EXERCISE BRIEF: Exactly as they stand, copy the lines from the one containing "I was born February" to the final line of the data; leave out the pictures.

PROVIDED MATERIAL:
——————————
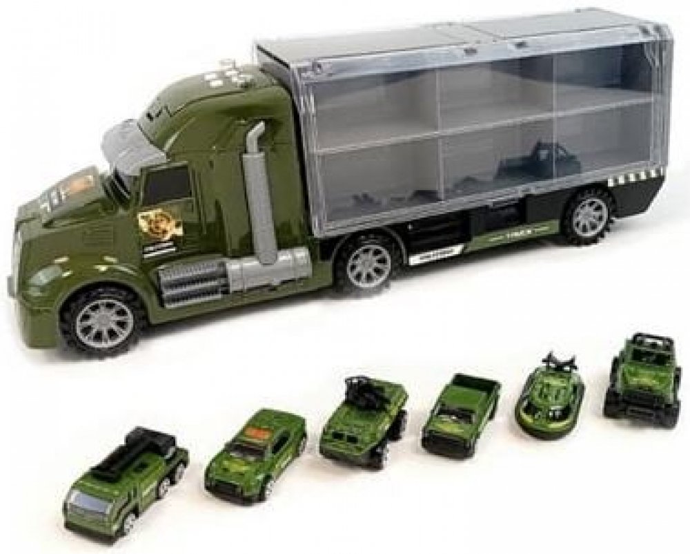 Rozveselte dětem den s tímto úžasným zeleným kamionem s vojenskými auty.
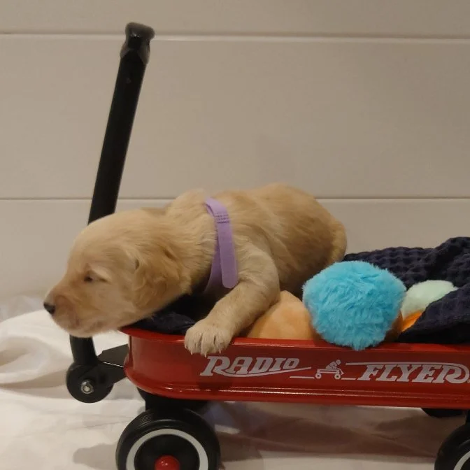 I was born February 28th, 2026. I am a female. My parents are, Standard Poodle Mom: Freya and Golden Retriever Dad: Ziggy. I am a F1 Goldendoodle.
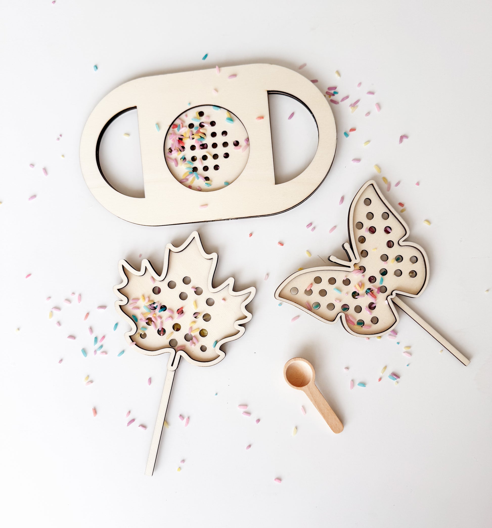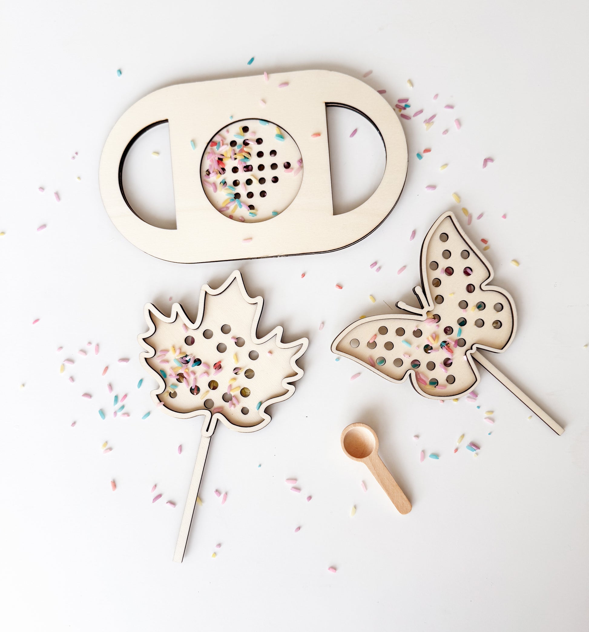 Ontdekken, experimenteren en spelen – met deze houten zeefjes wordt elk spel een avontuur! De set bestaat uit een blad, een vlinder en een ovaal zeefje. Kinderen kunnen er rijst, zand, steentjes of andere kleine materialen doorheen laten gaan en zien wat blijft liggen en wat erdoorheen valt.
——————————
TASK RESULT:
 I was born February 28th, 2026. I am a female. My parents are, Standard Poodle Mom: Freya and Golden Retriever Dad: Ziggy. I am a F1 Goldendoodle.
 Ontdekken, experimenteren en spelen – met deze houten zeefjes wordt elk spel een avontuur! De set bestaat uit een blad, een vlinder en een ovaal zeefje. Kinderen kunnen er rijst, zand, steentjes of andere kleine materialen doorheen laten gaan en zien wat blijft liggen en wat erdoorheen valt.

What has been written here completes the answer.